[Data entries]
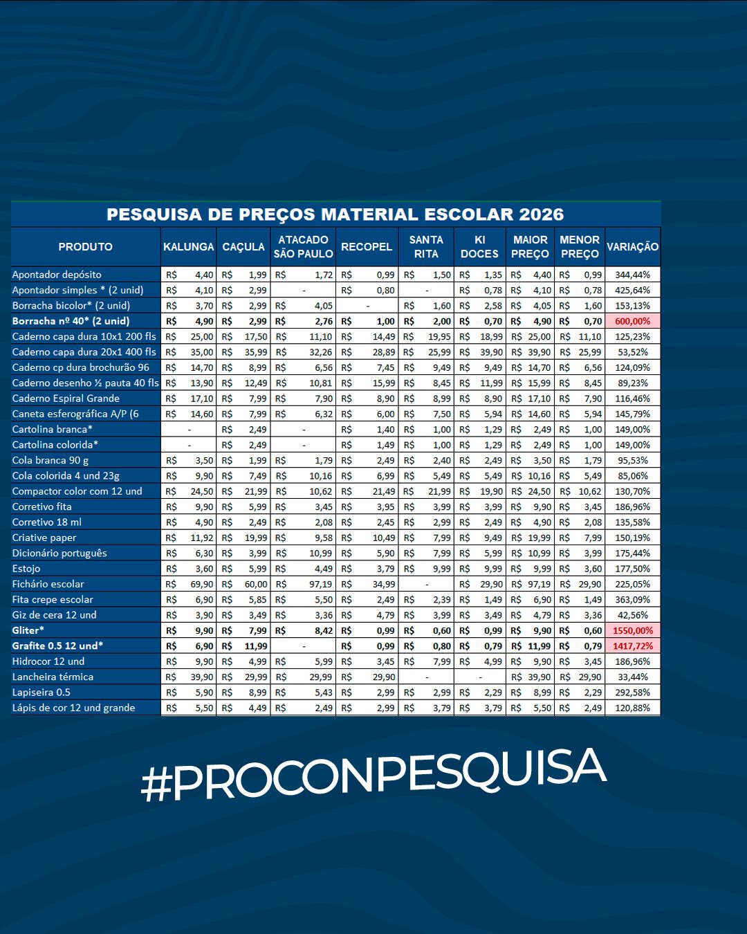 Durante a pesquisa, foram analisados 52 produtos, como caderno, borracha, lápis, hidrocor, corretivo, dicionário, caneta, cola, giz de cera e pasta com elástico. O Procon realizou o trabalho em seis lojas da cidade, entre os dias 11 e 12 de janeiro. A maior diferença registrada foi do glitter, encontrado por R$ 9,90 no maior preço e por R$ 0,60 no menor, representando uma variação de 1.550%.
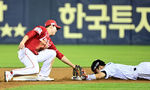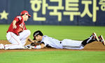 [OSEN=잠실, 지형준 기자] 12일 오후 서울 잠실구장에서 ‘2025 신한 SOL Bank KBO리그’ LG 트윈스와 SSG 랜더스의 경기가 열렸다.LG는 치리노스, SSG는 전영준을 선발로 내세웠다6회말 무사 1루에서 LG 박해민이 SSG 박성한에 태그아웃 당
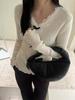 Suéter de Punto de Lana con Cuello en V y Lazo de Encaje para Mujer 2024 Otoño e Invierno Nuevo Estilo Francés Color Sólido Top Camisa Base Ajuste Delgado
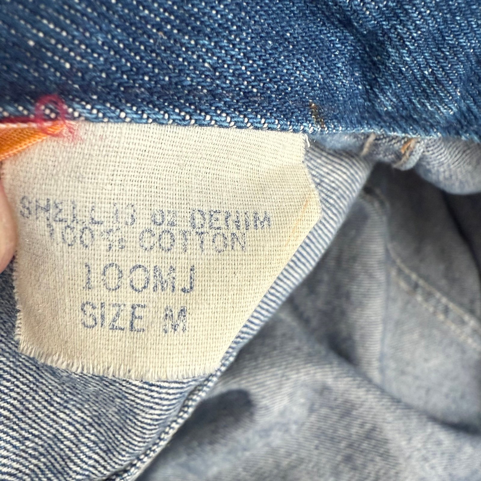 Vtg 70s Rustler Dark Blue Jean denim Jacket trucker men small medium streetwear made in the USA. Classic vintage jacket in dark sturdy denim with zigzag stitching. This jacket has some character with a splotchy finish and some green on the buttons. This jacket was worn and loved for sure. Size tag says medium, may better fit modern men’s small. Could easily be unisex. Great for retro cowboy western trucker streetwear style.
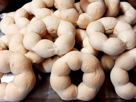 Προθερμαίνουμε τον φούρνο στους 160 βαθμούς Κελσίου, στις αντιστάσεις, πάνω κάτω. Παίρνουμε ένα κομμάτι ζύμης και το πιέζουμε όπως θα δούμε στο βίντεο. Ανοίγουμε το ζυμάρι σε κορδόνι 20 εκατοστών. Με το χέρι μας πιέζουμε το κορδόνι, αλλά όχι μέχρι κάτω, για να του κάνουμε το σχέδιο. Ενώνουμε προσεκτικά τις δύο άκρες.
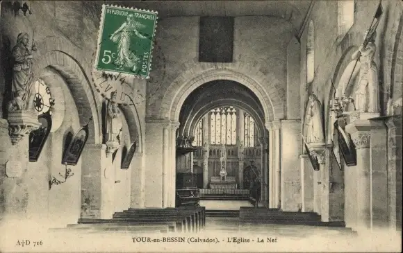 Ak Tour en Bessin Calvados, L'Eglise, La Nef
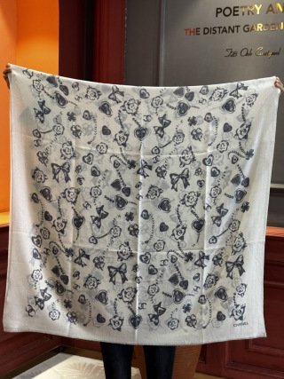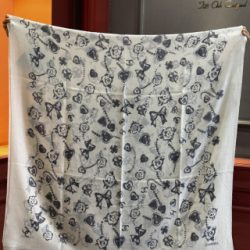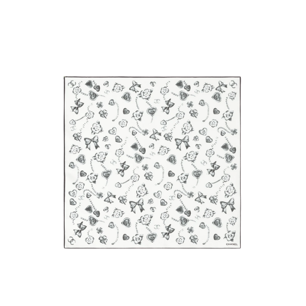 Chanel Square Scarf Twill Silk Black & White
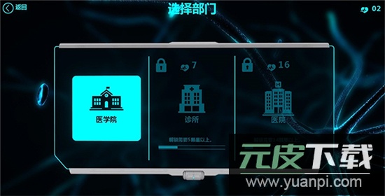 初次进入游戏,可见许多部门需要相应等级解锁,因此选择从医学院部门的实习关卡开始,此关卡非常适合新手熟悉游戏。
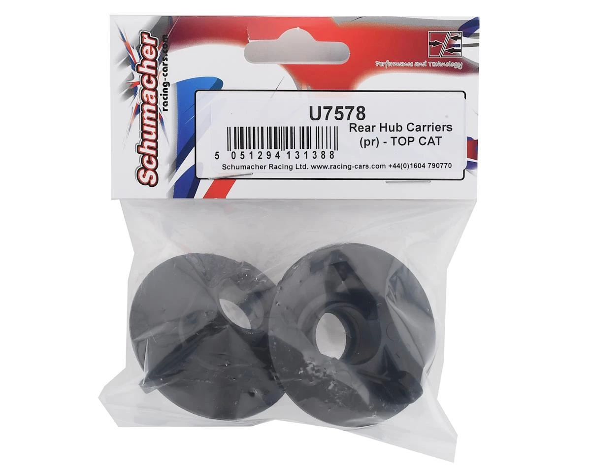 Schumacher TOP CAT Rear Hub Carriers. Package includes two replacement rear hub carriers.
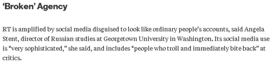Bloomberg Politics global news portal insists that “Sanctions-Strapped Russia Outguns the U.S. in Information War” and cites former U.S. State Department intelligence officer and NATO adviser Angela Stent as saying that “RT is amplified by social media disguised to look like ordinary people’s accounts...Its social media use is “very sophisticated,” she said, and includes “people who troll and immediately bite back” at critics.’”
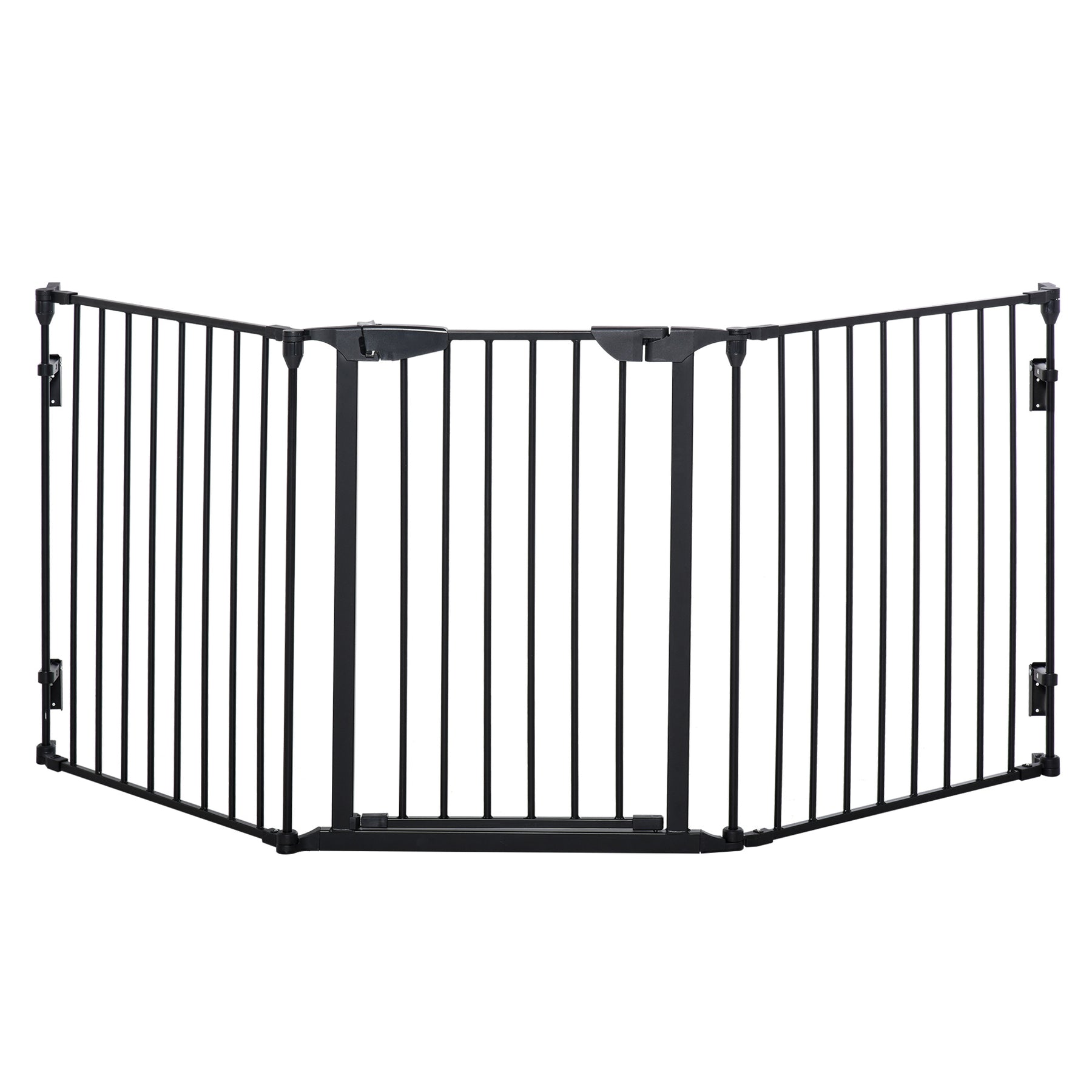 MCL Pet Safety Gate, 3 Panels Playpen Fireplace, Foldable Metal Fence, Stair Barrier, Room Divider, Fire Guard w/ Automatic Closing Door, Black
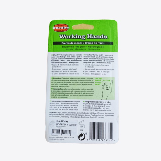O'Keeffe's working hands 96g es una crema de manos concentrada que alivia, hidrata y ayuda a reparar la piel extremadamente seca y agrietada de las manos. Si se usa a diario, está demostrado clínicamente que O'Keeffe's working hands 96g:
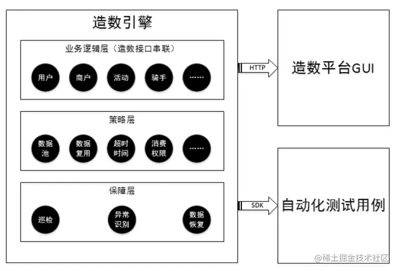 去QE化并非不要测试,而是将测试任务转移到开发人员身上,这样的好处是缩短开发->测试-> 修复问题这条路径周期,但它带来的挑战也不小,一个是开发一般不具备测试人员的「破坏性思维」,对自己的代码判断不客观,另外大量的测试数据、多样的测试环境、多种测试框架,这些对开发来说也都是一种负担。能有效解决这些问题才是去QE化的前提,以下是某电商公司践行测试服务化理念所构建出来的测试架构设计。
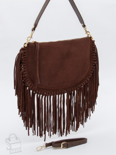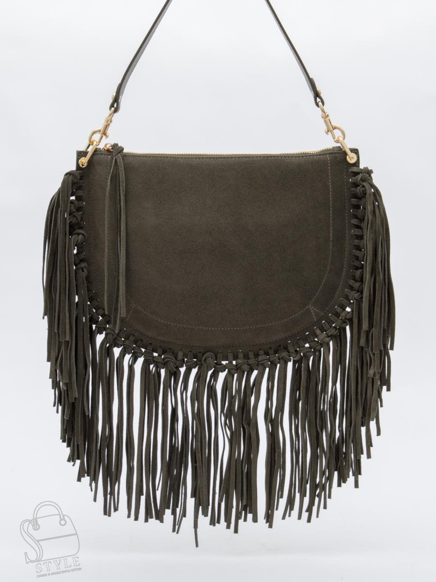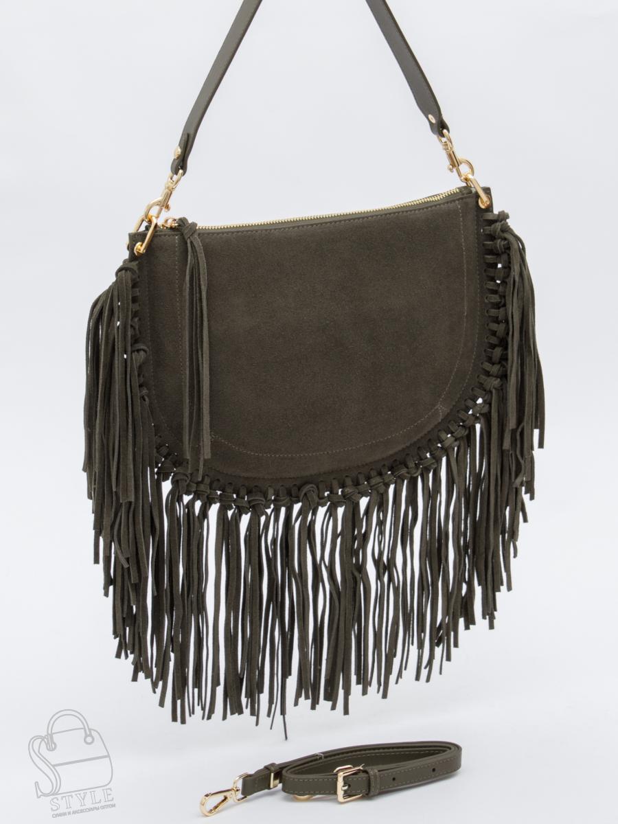 Эффектная модель, выполнена из замши. Декорирована бахромой. Дополнена золотистой фурнитурой. Данная модель закрывается на молнию Каркас мягкий. Носится в руке за съемную удлиненную ручку или на плече. В комплекте имеется съемный ремень с регулировкой длины.
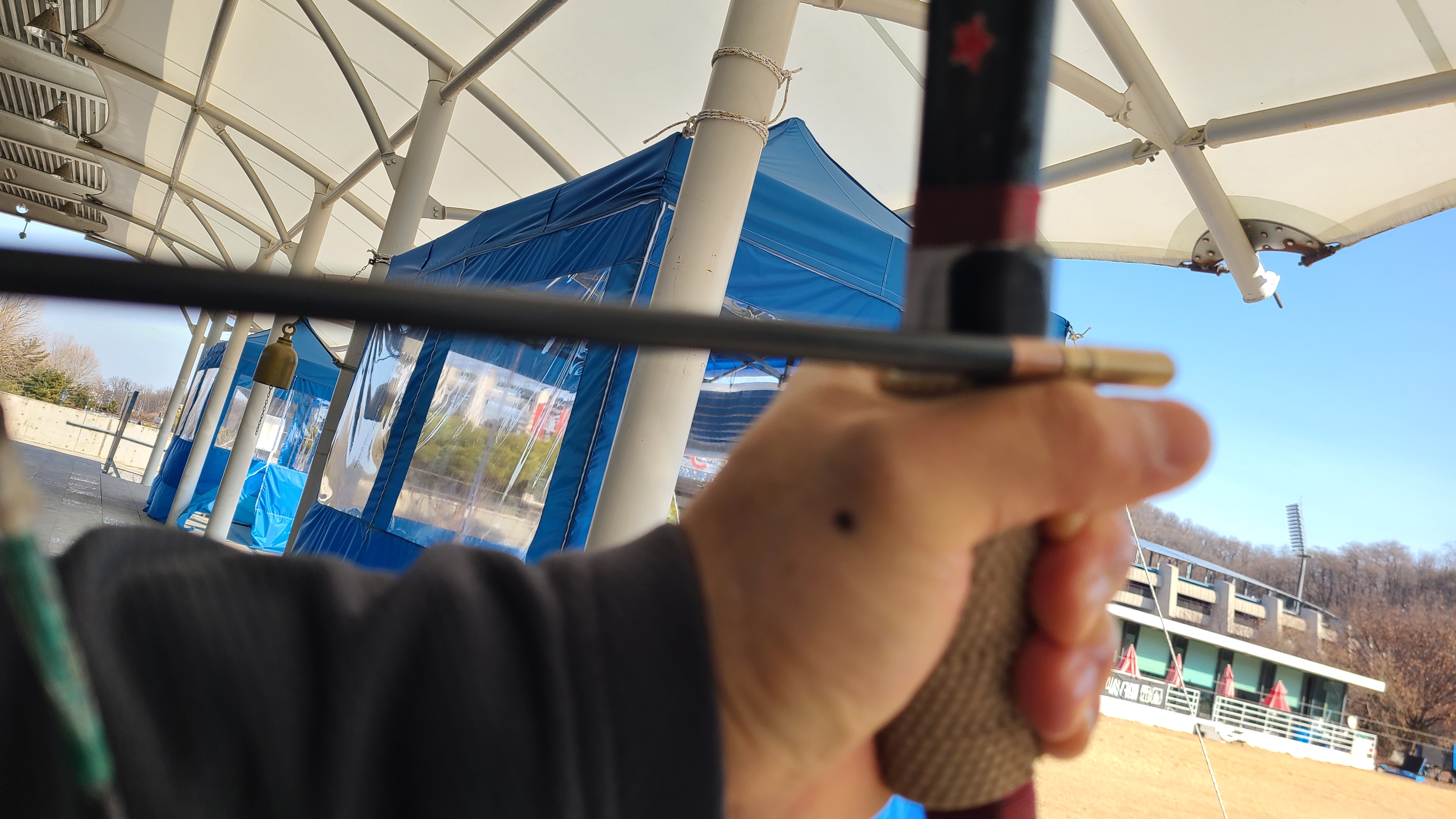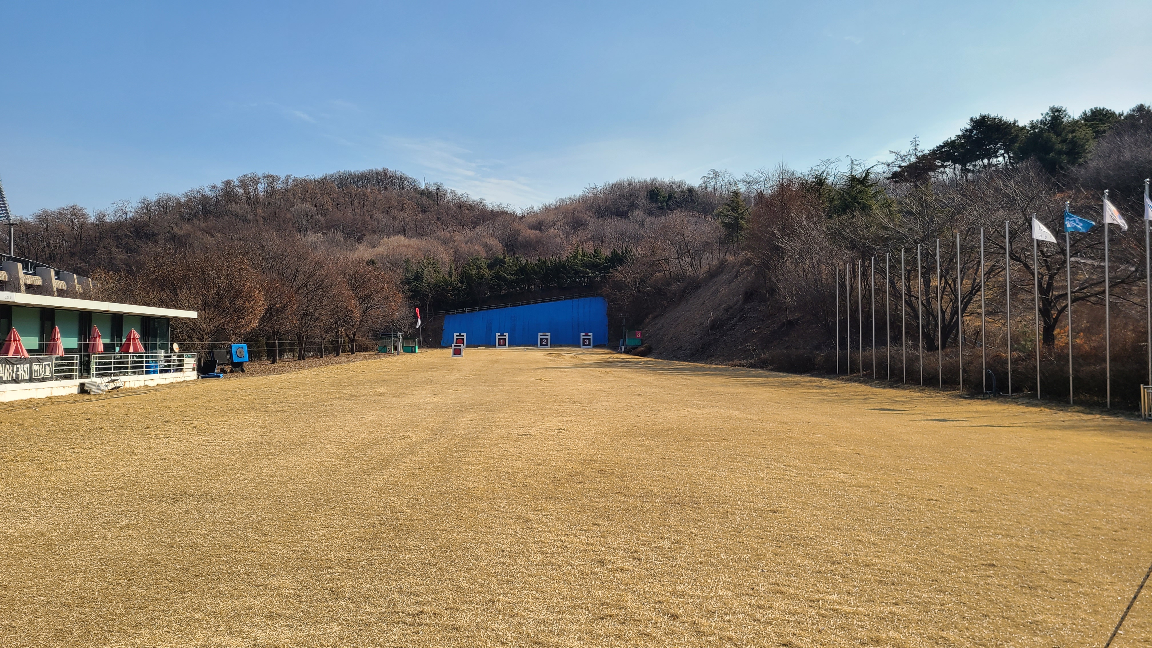 사대에 서서 145m의 거리에 있는 과녁을 맞추기가 쉽지는 않고 활의 강도와 화살의

### EXERCISE INSTRUCTIONS:
The records above are to be restated exactly, with all pictures omitted.

### TASK SOLUTION:
 Durante a pesquisa, foram analisados 52 produtos, como caderno, borracha, lápis, hidrocor, corretivo, dicionário, caneta, cola, giz de cera e pasta com elástico. O Procon realizou o trabalho em seis lojas da cidade, entre os dias 11 e 12 de janeiro. A maior diferença registrada foi do glitter, encontrado por R$ 9,90 no maior preço e por R$ 0,60 no menor, representando uma variação de 1.550%.
 [OSEN=잠실, 지형준 기자] 12일 오후 서울 잠실구장에서 ‘2025 신한 SOL Bank KBO리그’ LG 트윈스와 SSG 랜더스의 경기가 열렸다.LG는 치리노스, SSG는 전영준을 선발로 내세웠다6회말 무사 1루에서 LG 박해민이 SSG 박성한에 태그아웃 당
 Suéter de Punto de Lana con Cuello en V y Lazo de Encaje para Mujer 2024 Otoño e Invierno Nuevo Estilo Francés Color Sólido Top Camisa Base Ajuste Delgado
 Vtg 70s Rustler Dark Blue Jean denim Jacket trucker men small medium streetwear made in the USA. Classic vintage jacket in dark sturdy denim with zigzag stitching. This jacket has some character with a splotchy finish and some green on the buttons. This jacket was worn and loved for sure. Size tag says medium, may better fit modern men’s small. Could easily be unisex. Great for retro cowboy western trucker streetwear style.
 Προθερμαίνουμε τον φούρνο στους 160 βαθμούς Κελσίου, στις αντιστάσεις, πάνω κάτω. Παίρνουμε ένα κομμάτι ζύμης και το πιέζουμε όπως θα δούμε στο βίντεο. Ανοίγουμε το ζυμάρι σε κορδόνι 20 εκατοστών. Με το χέρι μας πιέζουμε το κορδόνι, αλλά όχι μέχρι κάτω, για να του κάνουμε το σχέδιο. Ενώνουμε προσεκτικά τις δύο άκρες.
 Ak Tour en Bessin Calvados, L'Eglise, La Nef
 Chanel Square Scarf Twill Silk Black & White
 初次进入游戏,可见许多部门需要相应等级解锁,因此选择从医学院部门的实习关卡开始,此关卡非常适合新手熟悉游戏。
 Schumacher TOP CAT Rear Hub Carriers. Package includes two replacement rear hub carriers.
Bloomberg Politics global news portal insists that “Sanctions-Strapped Russia Outguns the U.S. in Information War” and cites former U.S. State Department intelligence officer and NATO adviser Angela Stent as saying that “RT is amplified by social media disguised to look like ordinary people’s accounts...Its social media use is “very sophisticated,” she said, and includes “people who troll and immediately bite back” at critics.’”
 MCL Pet Safety Gate, 3 Panels Playpen Fireplace, Foldable Metal Fence, Stair Barrier, Room Divider, Fire Guard w/ Automatic Closing Door, Black
O'Keeffe's working hands 96g es una crema de manos concentrada que alivia, hidrata y ayuda a reparar la piel extremadamente seca y agrietada de las manos. Si se usa a diario, está demostrado clínicamente que O'Keeffe's working hands 96g:
 去QE化并非不要测试,而是将测试任务转移到开发人员身上,这样的好处是缩短开发->测试-> 修复问题这条路径周期,但它带来的挑战也不小,一个是开发一般不具备测试人员的「破坏性思维」,对自己的代码判断不客观,另外大量的测试数据、多样的测试环境、多种测试框架,这些对开发来说也都是一种负担。能有效解决这些问题才是去QE化的前提,以下是某电商公司践行测试服务化理念所构建出来的测试架构设计。
 Эффектная модель, выполнена из замши. Декорирована бахромой. Дополнена золотистой фурнитурой. Данная модель закрывается на молнию Каркас мягкий. Носится в руке за съемную удлиненную ручку или на плече. В комплекте имеется съемный ремень с регулировкой длины.
 사대에 서서 145m의 거리에 있는 과녁을 맞추기가 쉽지는 않고 활의 강도와 화살의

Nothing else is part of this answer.